総務省は3日、青少年のインターネット・リテラシーに関する実態調査を実施し、「青少年のインターネット・リテラシー指標等」として取りまとめ、公表した。スマートフォンでネットに接続している青少年は昨年の48%から75%へと急増しているが、アプリの情報漏えいリスクについて知らない青少年は昨年と変わらず3割以上存在する。
同省は2011年度、青少年がインターネット上の危険・脅威に対応するための能力を数値化するテストを開発し、2012年度から協力校で実施している。今年は6月から7月にかけて全国の高等学校1年生相当(約3500名)に実施し、結果を集計・分析した。
■「違法有害情報」「不適正利用」「プライバシー・セキュリティ」への対応力
インターネット上の危険に対応し、的確な判断をするために必要な能力を数値化するために開発されたテストとは、どんな内容なのか。まず、ネットの危険について、「違法有害情報」「不適正利用」「プライバシー・セキュリティ」という3つの大分類に整理し、それをさらに7つの中分類「1a:違法情報リスク」「1b:有害情報リスク」「2a:不適切接触リスク」「2b:不適正取引リスク」「2c:不適切利用リスク」「3a:プライバシーリスク」「3b:セキュリティリスク」に整理し、それぞれに対する多肢選択式問題を作成。このテスト結果を数値化し、各能力を可視化する。この数値は「青少年がインターネットを安全に安心して活用するためのリテラシー指標」=ILAS(Internet Literacy Assessment indicator for Students;アイラス)と名付けられている。
■ネット接続はスマホが75%、3割以上がアプリの危険性を知らない
青少年がどういうネット環境にあるかをみると、スマートフォン(スマホ)保有者は全体の84%と昨年度(59%)より大幅に上昇していた。インターネット接続に最もよく利用する機器も、スマホが全体の75%と昨年度(48%)より大幅に上昇している。1日あたりの平均使用時間は、スマホ以外の機器は「30分未満」が最多だが、スマホは「2時間以上」が最も多い(56%)。アプリケーション(アプリ)のインストール数は10以上が全体の68%だが、実際に1か月に1回以上使用しているアプリ数は10以下という回答が74%だった。
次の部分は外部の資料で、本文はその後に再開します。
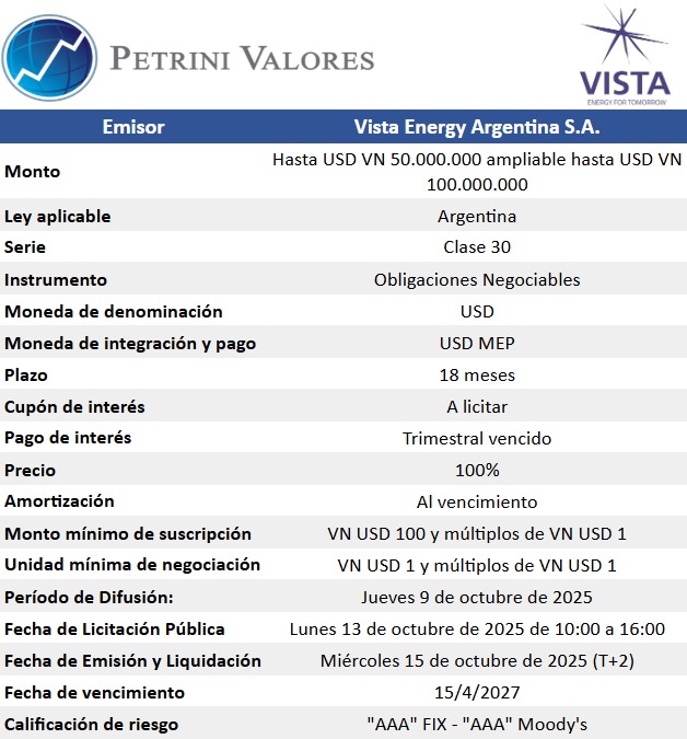 Petrini Valores informa los principales términos y condiciones de la nueva emisión de Obligaciones Negociables de Vista Energy Argentina S.A.

スマホのアプリに情報漏えいの危険性があることを知っている割合は、昨年の61%から64%に向上しているが、知らない割合は、昨年(34%)とあまり変わらず、全体の33%存在する。
■スマホ利用者は正答率低い傾向、学習経験や家庭での話し合いが重要
テストの正答率は、全体で69%と、昨年度(67%)より2ポイント上昇している。最もよく利用するインターネット接続機器別にみと、パソコンをよく利用する青少年の正答率が最も高い(73%)。スマホをよく利用する青少年の正答率は相対的に低く(68%)、そのうちスマホのみを保有している青少年の正答率はさらに低い(64%)という結果となっている。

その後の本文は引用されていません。